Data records
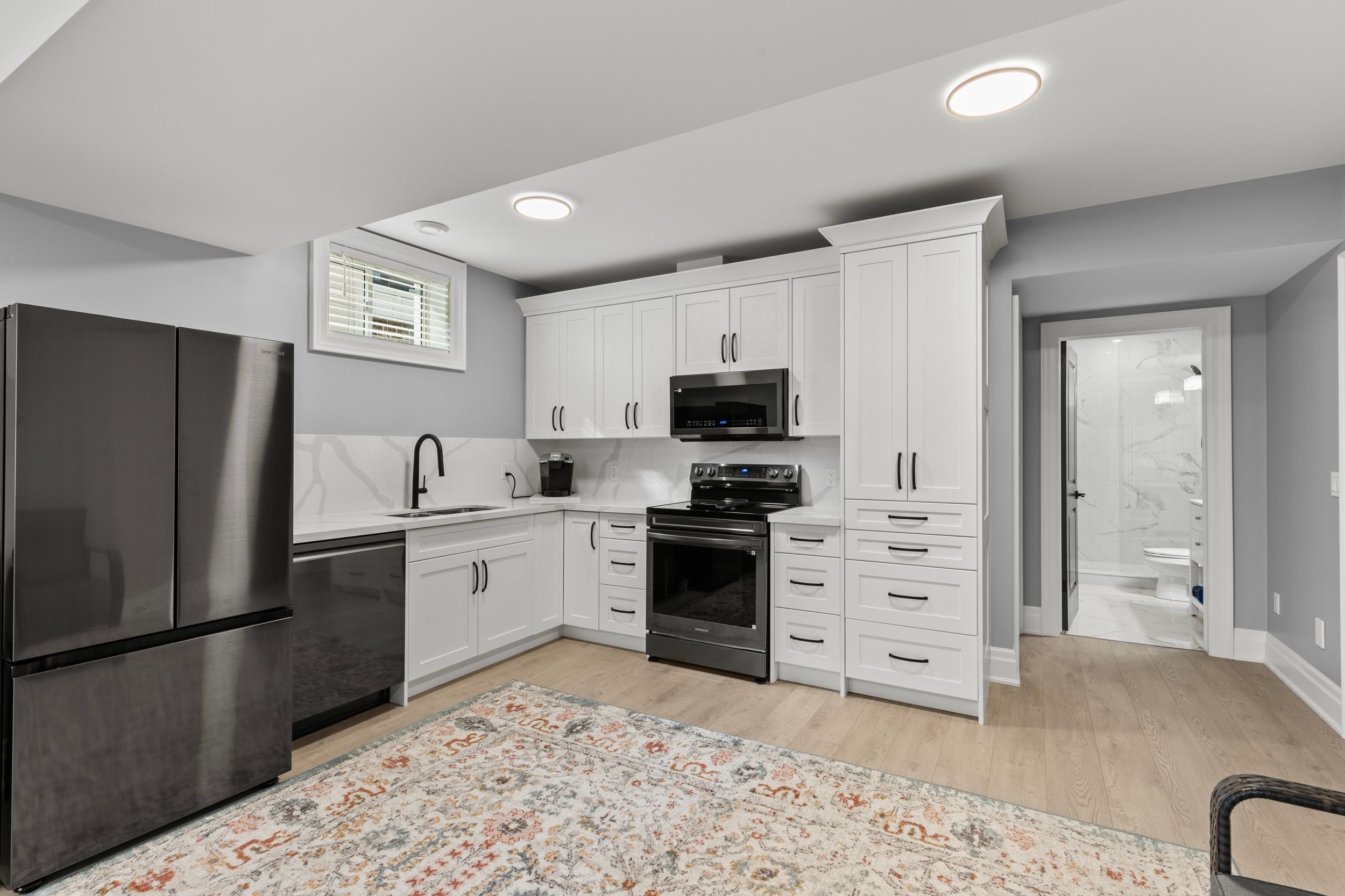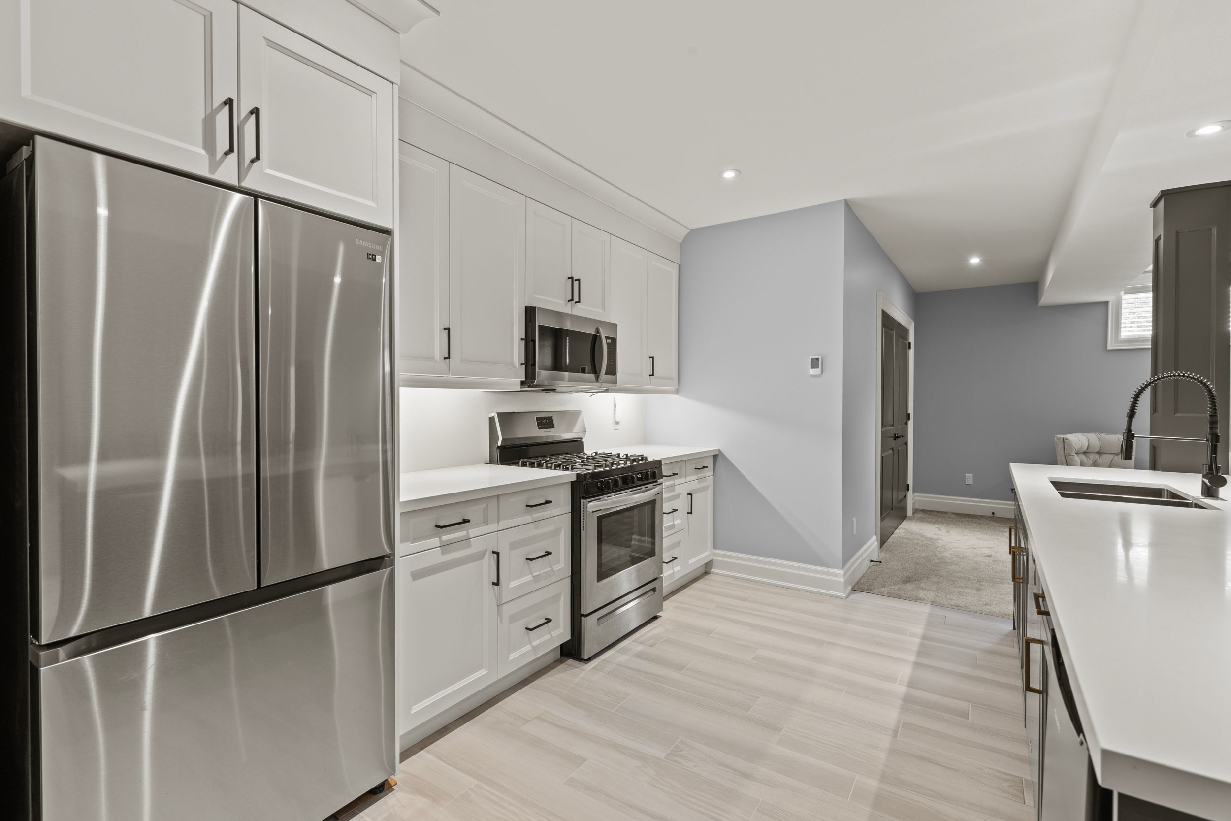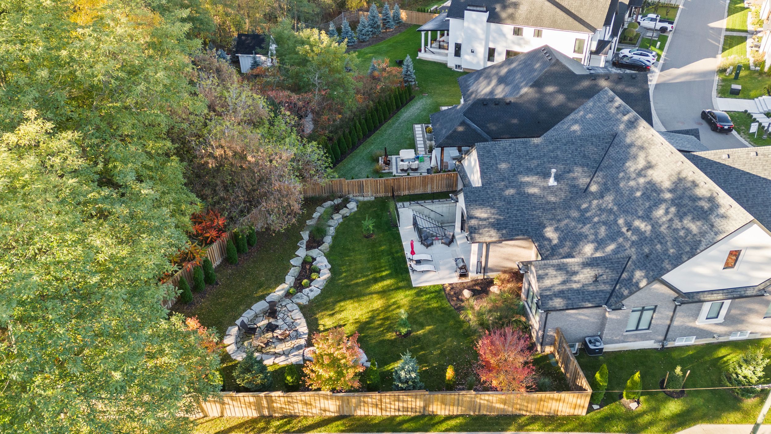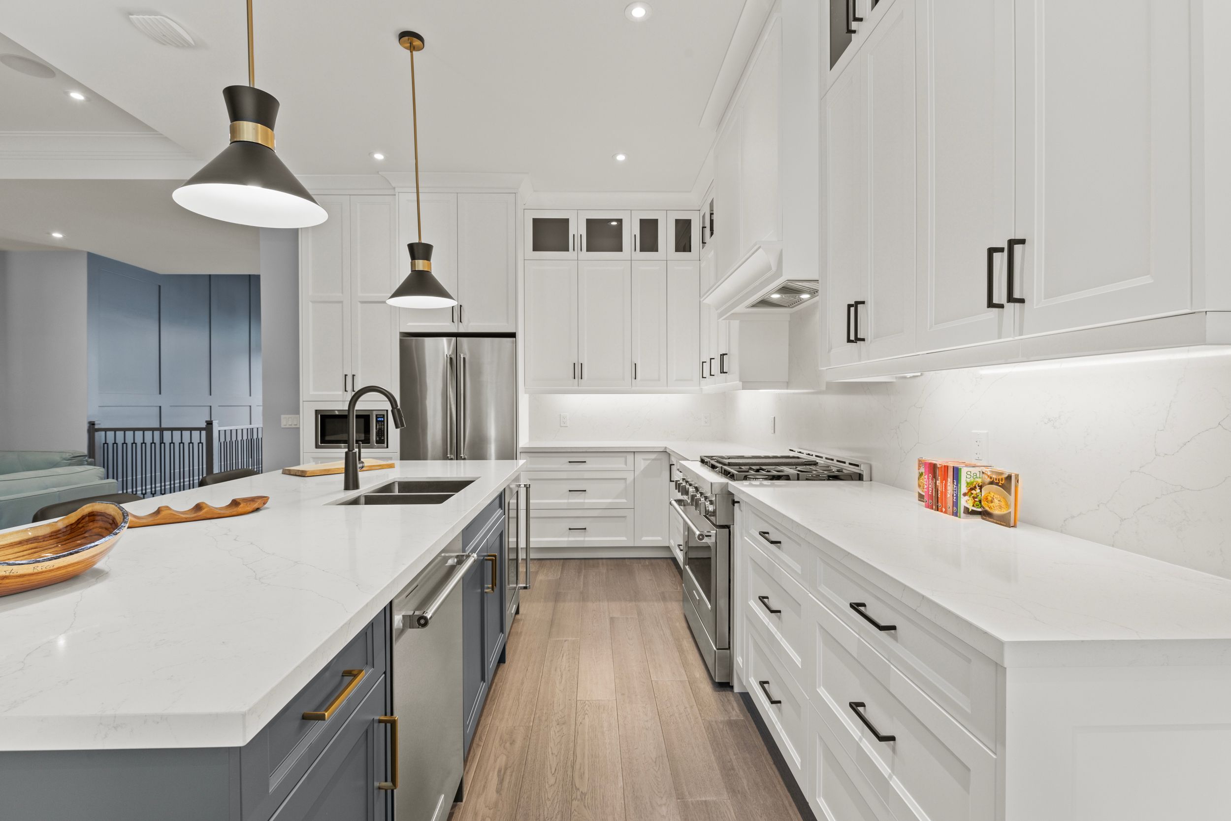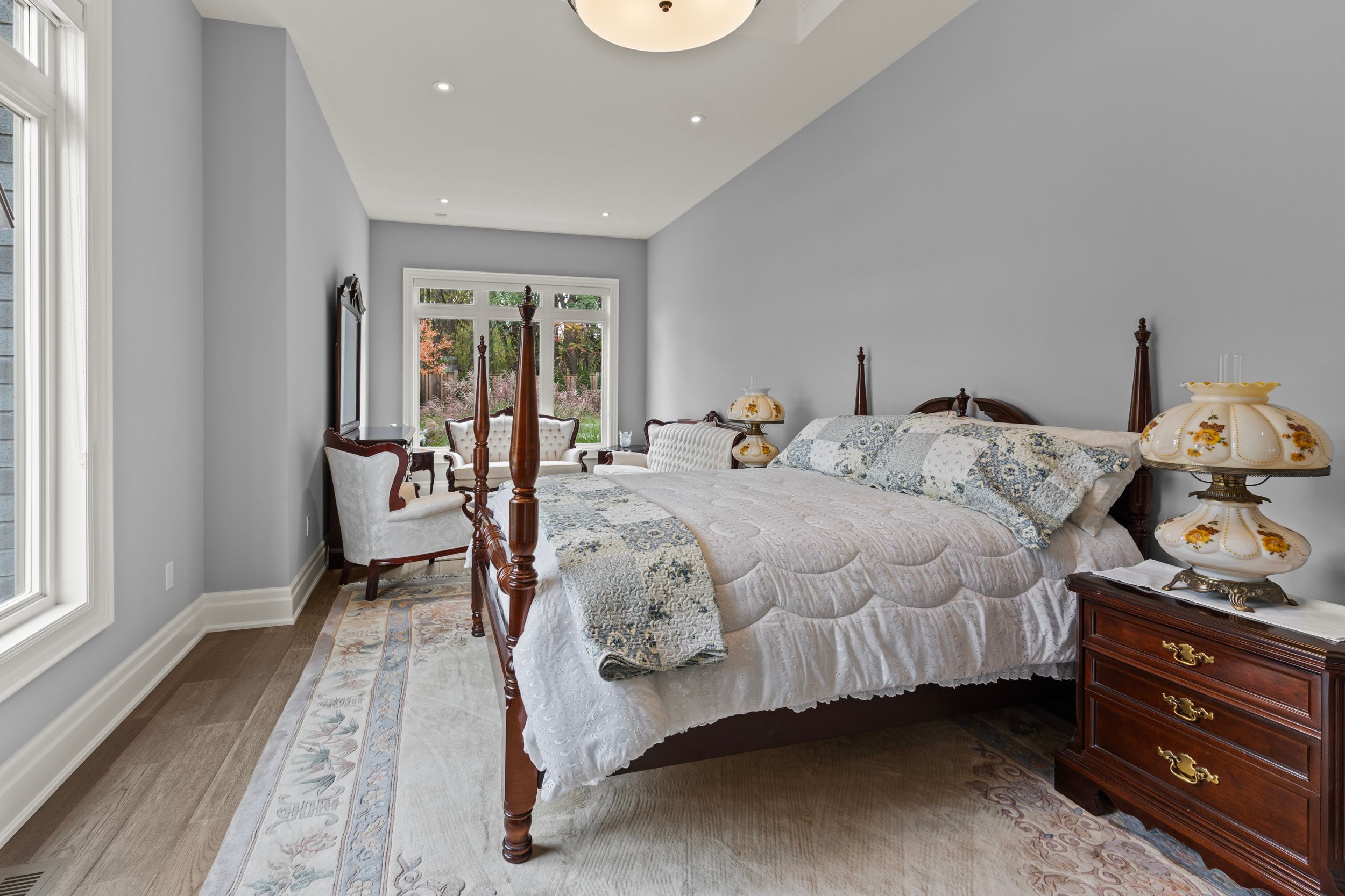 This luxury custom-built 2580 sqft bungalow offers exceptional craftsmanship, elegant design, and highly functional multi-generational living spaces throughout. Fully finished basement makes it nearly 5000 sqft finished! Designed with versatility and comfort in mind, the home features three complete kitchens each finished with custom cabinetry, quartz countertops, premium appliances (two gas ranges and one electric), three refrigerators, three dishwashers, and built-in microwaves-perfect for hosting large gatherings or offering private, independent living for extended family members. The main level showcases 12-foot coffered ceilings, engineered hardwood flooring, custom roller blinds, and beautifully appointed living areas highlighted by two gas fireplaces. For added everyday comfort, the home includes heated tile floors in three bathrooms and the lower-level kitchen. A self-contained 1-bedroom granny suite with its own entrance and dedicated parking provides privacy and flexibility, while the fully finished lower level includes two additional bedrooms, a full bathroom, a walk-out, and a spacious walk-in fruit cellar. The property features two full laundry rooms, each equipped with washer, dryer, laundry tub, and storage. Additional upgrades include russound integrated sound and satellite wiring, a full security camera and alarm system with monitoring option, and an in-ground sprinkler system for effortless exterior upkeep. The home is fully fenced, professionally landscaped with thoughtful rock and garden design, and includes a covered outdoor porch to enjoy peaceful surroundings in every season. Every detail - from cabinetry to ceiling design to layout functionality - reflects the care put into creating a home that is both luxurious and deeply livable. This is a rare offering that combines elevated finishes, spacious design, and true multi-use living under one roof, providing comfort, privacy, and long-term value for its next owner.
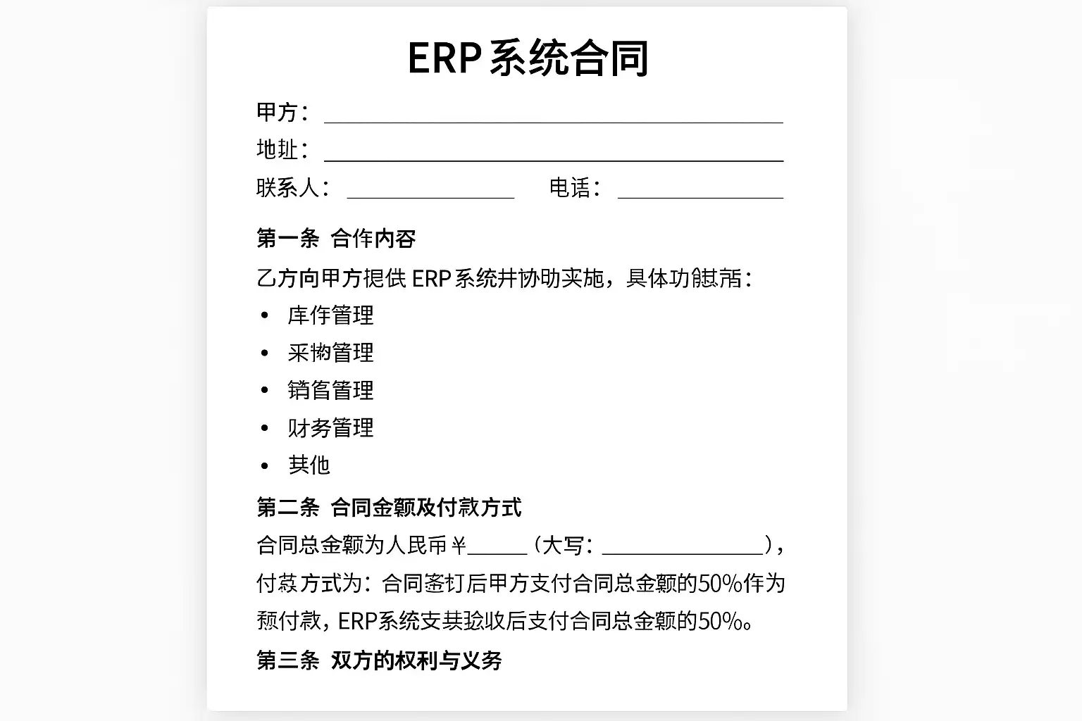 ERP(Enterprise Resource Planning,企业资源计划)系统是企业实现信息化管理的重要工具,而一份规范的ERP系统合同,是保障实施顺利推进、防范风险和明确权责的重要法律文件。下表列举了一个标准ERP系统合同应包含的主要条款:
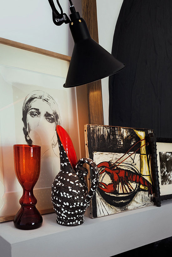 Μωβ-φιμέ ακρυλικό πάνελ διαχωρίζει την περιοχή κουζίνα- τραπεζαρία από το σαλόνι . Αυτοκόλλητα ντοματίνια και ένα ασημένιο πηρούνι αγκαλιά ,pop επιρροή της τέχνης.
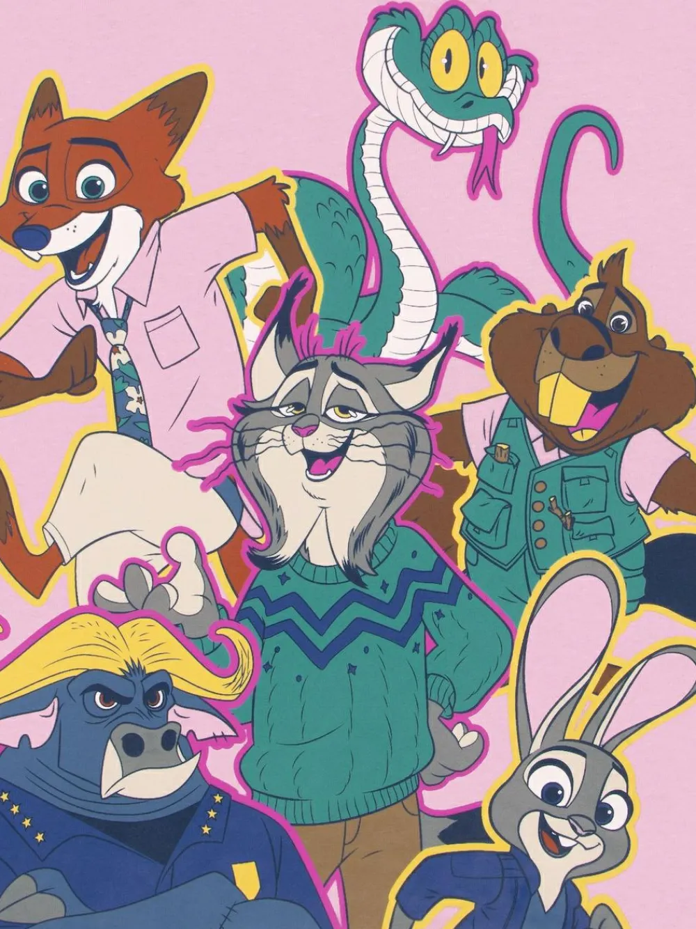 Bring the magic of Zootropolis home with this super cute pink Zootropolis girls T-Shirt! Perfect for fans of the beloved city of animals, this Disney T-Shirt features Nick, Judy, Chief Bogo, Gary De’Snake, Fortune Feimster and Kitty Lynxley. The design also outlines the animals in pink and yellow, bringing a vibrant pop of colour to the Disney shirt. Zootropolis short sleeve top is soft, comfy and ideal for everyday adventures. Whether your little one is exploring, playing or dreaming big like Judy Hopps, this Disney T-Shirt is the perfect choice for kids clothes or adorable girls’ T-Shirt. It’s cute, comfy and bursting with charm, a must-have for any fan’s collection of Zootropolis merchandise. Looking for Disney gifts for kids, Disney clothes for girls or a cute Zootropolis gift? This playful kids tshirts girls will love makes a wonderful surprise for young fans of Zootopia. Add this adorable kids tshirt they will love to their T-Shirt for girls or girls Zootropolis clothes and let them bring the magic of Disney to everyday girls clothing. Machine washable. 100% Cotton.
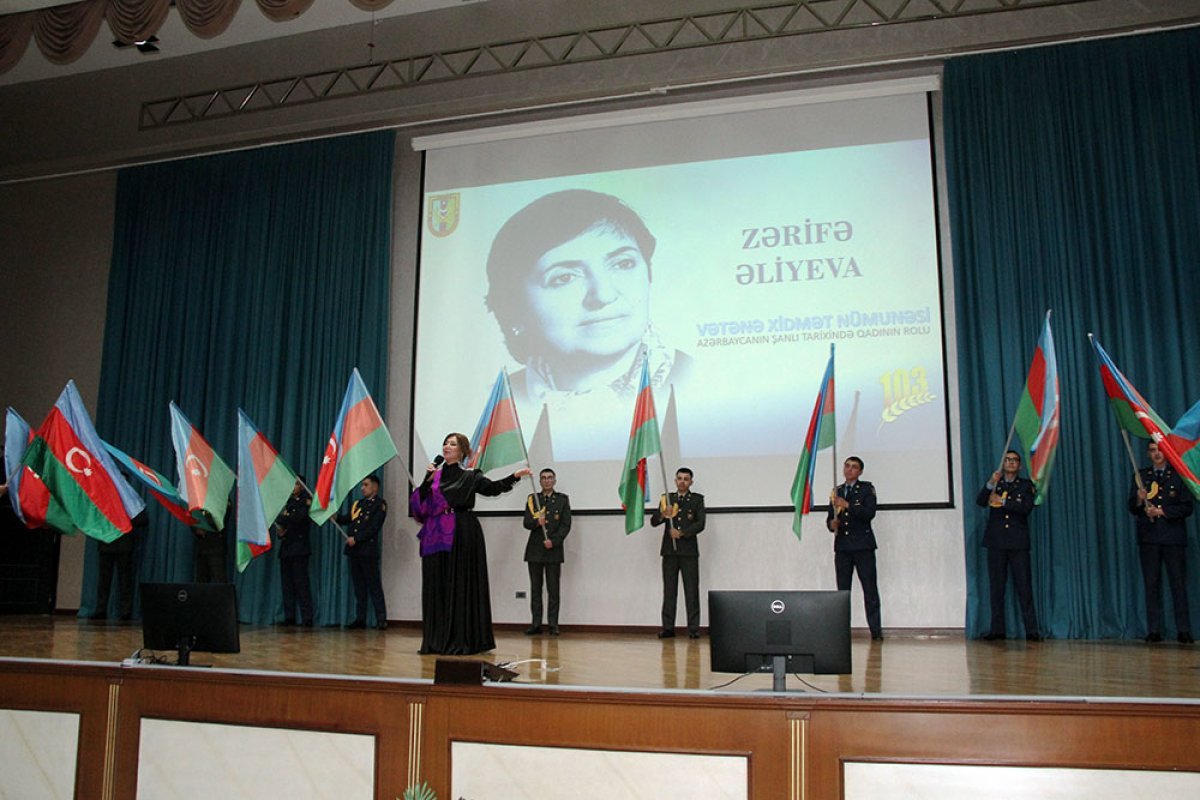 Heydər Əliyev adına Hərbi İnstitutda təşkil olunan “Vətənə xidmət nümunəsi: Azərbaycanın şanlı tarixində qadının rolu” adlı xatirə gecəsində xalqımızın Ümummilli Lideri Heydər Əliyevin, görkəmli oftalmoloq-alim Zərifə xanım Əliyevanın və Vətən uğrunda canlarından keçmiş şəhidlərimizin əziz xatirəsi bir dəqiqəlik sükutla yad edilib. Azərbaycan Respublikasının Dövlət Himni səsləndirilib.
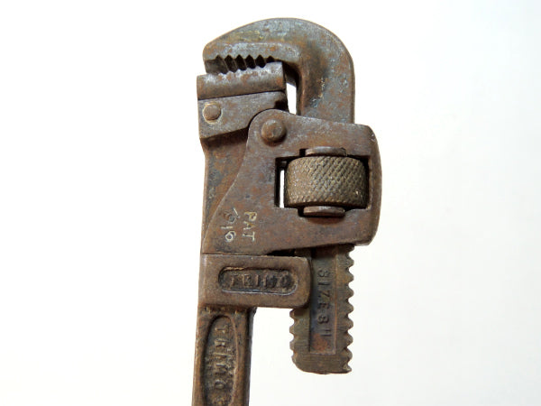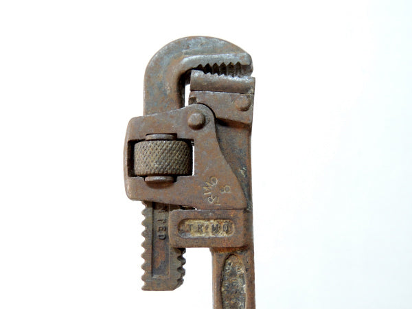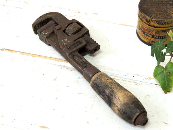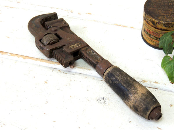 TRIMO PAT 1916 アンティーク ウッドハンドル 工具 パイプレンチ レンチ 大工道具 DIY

Exercise prompt
None of the pictures should be copied, but every record above must be returned exactly.

Response
 This luxury custom-built 2580 sqft bungalow offers exceptional craftsmanship, elegant design, and highly functional multi-generational living spaces throughout. Fully finished basement makes it nearly 5000 sqft finished! Designed with versatility and comfort in mind, the home features three complete kitchens each finished with custom cabinetry, quartz countertops, premium appliances (two gas ranges and one electric), three refrigerators, three dishwashers, and built-in microwaves-perfect for hosting large gatherings or offering private, independent living for extended family members. The main level showcases 12-foot coffered ceilings, engineered hardwood flooring, custom roller blinds, and beautifully appointed living areas highlighted by two gas fireplaces. For added everyday comfort, the home includes heated tile floors in three bathrooms and the lower-level kitchen. A self-contained 1-bedroom granny suite with its own entrance and dedicated parking provides privacy and flexibility, while the fully finished lower level includes two additional bedrooms, a full bathroom, a walk-out, and a spacious walk-in fruit cellar. The property features two full laundry rooms, each equipped with washer, dryer, laundry tub, and storage. Additional upgrades include russound integrated sound and satellite wiring, a full security camera and alarm system with monitoring option, and an in-ground sprinkler system for effortless exterior upkeep. The home is fully fenced, professionally landscaped with thoughtful rock and garden design, and includes a covered outdoor porch to enjoy peaceful surroundings in every season. Every detail - from cabinetry to ceiling design to layout functionality - reflects the care put into creating a home that is both luxurious and deeply livable. This is a rare offering that combines elevated finishes, spacious design, and true multi-use living under one roof, providing comfort, privacy, and long-term value for its next owner.
 ERP(Enterprise Resource Planning,企业资源计划)系统是企业实现信息化管理的重要工具,而一份规范的ERP系统合同,是保障实施顺利推进、防范风险和明确权责的重要法律文件。下表列举了一个标准ERP系统合同应包含的主要条款:
 Μωβ-φιμέ ακρυλικό πάνελ διαχωρίζει την περιοχή κουζίνα- τραπεζαρία από το σαλόνι . Αυτοκόλλητα ντοματίνια και ένα ασημένιο πηρούνι αγκαλιά ,pop επιρροή της τέχνης.
 Bring the magic of Zootropolis home with this super cute pink Zootropolis girls T-Shirt! Perfect for fans of the beloved city of animals, this Disney T-Shirt features Nick, Judy, Chief Bogo, Gary De’Snake, Fortune Feimster and Kitty Lynxley. The design also outlines the animals in pink and yellow, bringing a vibrant pop of colour to the Disney shirt. Zootropolis short sleeve top is soft, comfy and ideal for everyday adventures. Whether your little one is exploring, playing or dreaming big like Judy Hopps, this Disney T-Shirt is the perfect choice for kids clothes or adorable girls’ T-Shirt. It’s cute, comfy and bursting with charm, a must-have for any fan’s collection of Zootropolis merchandise. Looking for Disney gifts for kids, Disney clothes for girls or a cute Zootropolis gift? This playful kids tshirts girls will love makes a wonderful surprise for young fans of Zootopia. Add this adorable kids tshirt they will love to their T-Shirt for girls or girls Zootropolis clothes and let them bring the magic of Disney to everyday girls clothing. Machine washable. 100% Cotton.
 Heydər Əliyev adına Hərbi İnstitutda təşkil olunan “Vətənə xidmət nümunəsi: Azərbaycanın şanlı tarixində qadının rolu” adlı xatirə gecəsində xalqımızın Ümummilli Lideri Heydər Əliyevin, görkəmli oftalmoloq-alim Zərifə xanım Əliyevanın və Vətən uğrunda canlarından keçmiş şəhidlərimizin əziz xatirəsi bir dəqiqəlik sükutla yad edilib. Azərbaycan Respublikasının Dövlət Himni səsləndirilib.
 TRIMO PAT 1916 アンティーク ウッドハンドル 工具 パイプレンチ レンチ 大工道具 DIY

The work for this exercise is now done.